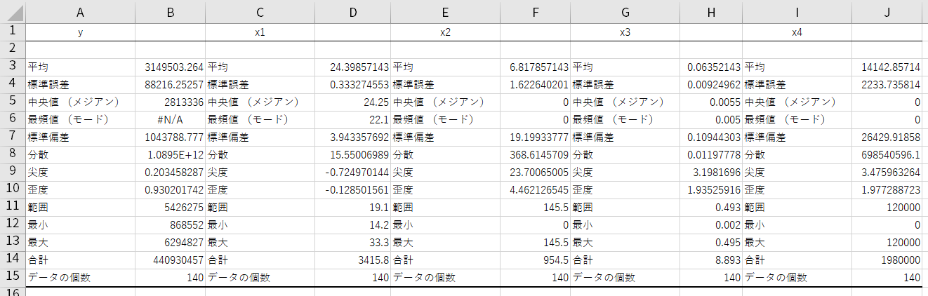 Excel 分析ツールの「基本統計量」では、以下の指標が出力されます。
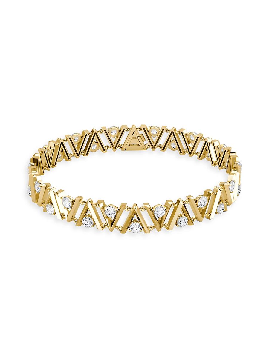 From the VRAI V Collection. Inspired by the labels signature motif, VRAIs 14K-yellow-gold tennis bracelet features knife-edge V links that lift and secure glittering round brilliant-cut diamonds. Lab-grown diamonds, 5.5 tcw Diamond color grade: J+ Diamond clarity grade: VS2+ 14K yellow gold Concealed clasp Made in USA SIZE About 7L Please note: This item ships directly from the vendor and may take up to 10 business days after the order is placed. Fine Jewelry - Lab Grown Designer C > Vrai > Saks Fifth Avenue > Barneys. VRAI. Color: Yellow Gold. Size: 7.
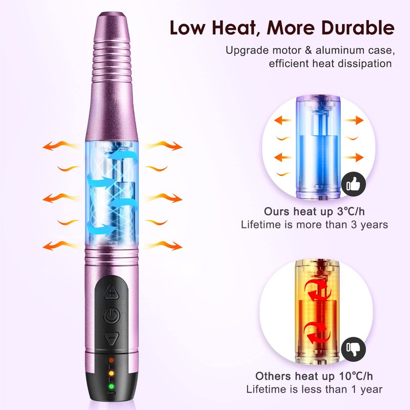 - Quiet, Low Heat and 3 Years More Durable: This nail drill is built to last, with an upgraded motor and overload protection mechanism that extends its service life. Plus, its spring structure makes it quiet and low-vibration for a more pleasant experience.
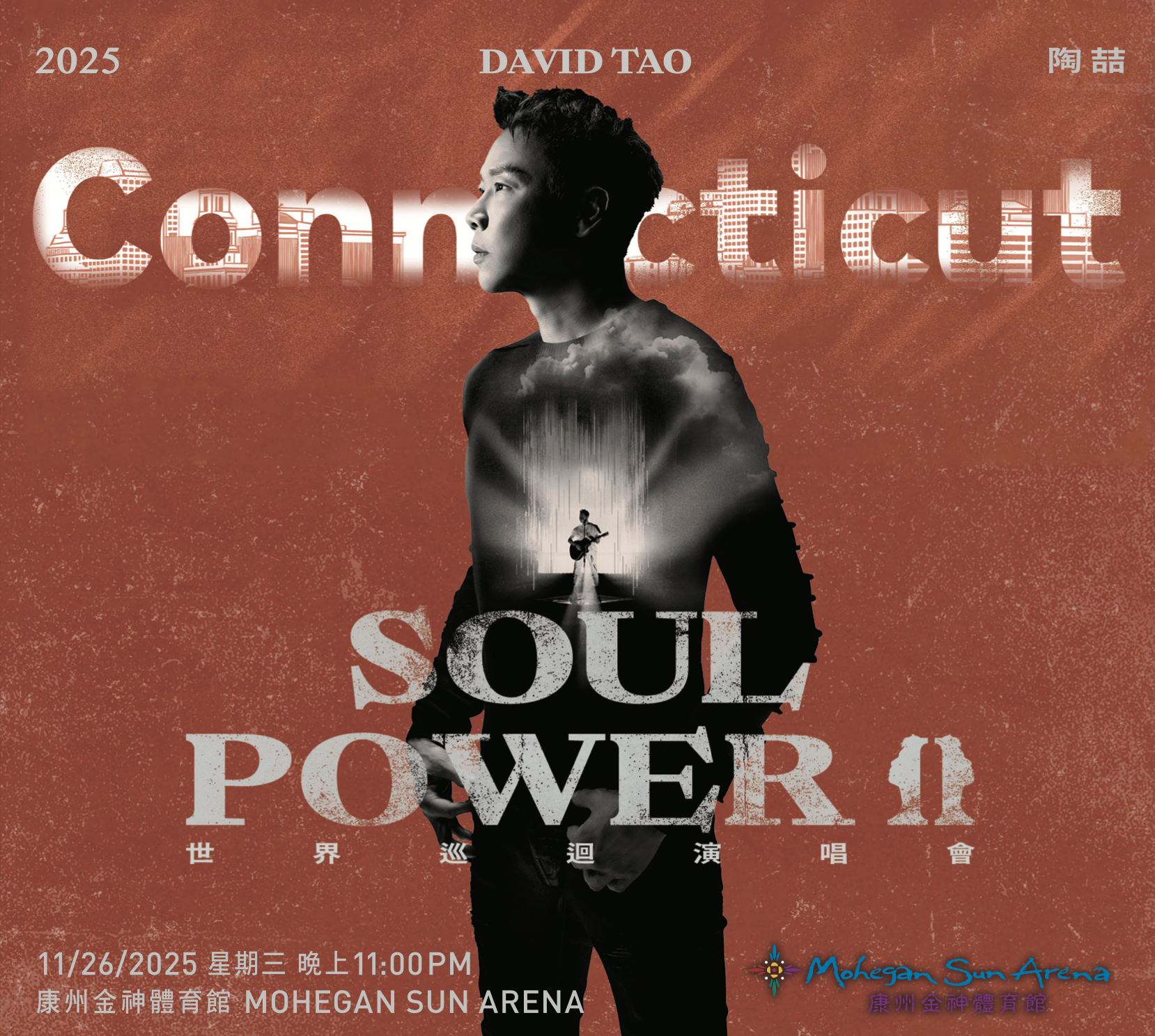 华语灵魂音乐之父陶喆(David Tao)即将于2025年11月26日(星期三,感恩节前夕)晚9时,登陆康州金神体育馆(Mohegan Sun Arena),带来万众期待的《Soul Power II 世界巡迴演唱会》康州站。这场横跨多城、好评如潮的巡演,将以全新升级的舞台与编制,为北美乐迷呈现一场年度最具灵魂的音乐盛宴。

__TASK INSTRUCTIONS__
What you produce must match the listing word for word, with no images in it.

__RESPONSE TO THE EXERCISE__
 Excel 分析ツールの「基本統計量」では、以下の指標が出力されます。
 From the VRAI V Collection. Inspired by the labels signature motif, VRAIs 14K-yellow-gold tennis bracelet features knife-edge V links that lift and secure glittering round brilliant-cut diamonds. Lab-grown diamonds, 5.5 tcw Diamond color grade: J+ Diamond clarity grade: VS2+ 14K yellow gold Concealed clasp Made in USA SIZE About 7L Please note: This item ships directly from the vendor and may take up to 10 business days after the order is placed. Fine Jewelry - Lab Grown Designer C > Vrai > Saks Fifth Avenue > Barneys. VRAI. Color: Yellow Gold. Size: 7.
 - Quiet, Low Heat and 3 Years More Durable: This nail drill is built to last, with an upgraded motor and overload protection mechanism that extends its service life. Plus, its spring structure makes it quiet and low-vibration for a more pleasant experience.
 华语灵魂音乐之父陶喆(David Tao)即将于2025年11月26日(星期三,感恩节前夕)晚9时,登陆康州金神体育馆(Mohegan Sun Arena),带来万众期待的《Soul Power II 世界巡迴演唱会》康州站。这场横跨多城、好评如潮的巡演,将以全新升级的舞台与编制,为北美乐迷呈现一场年度最具灵魂的音乐盛宴。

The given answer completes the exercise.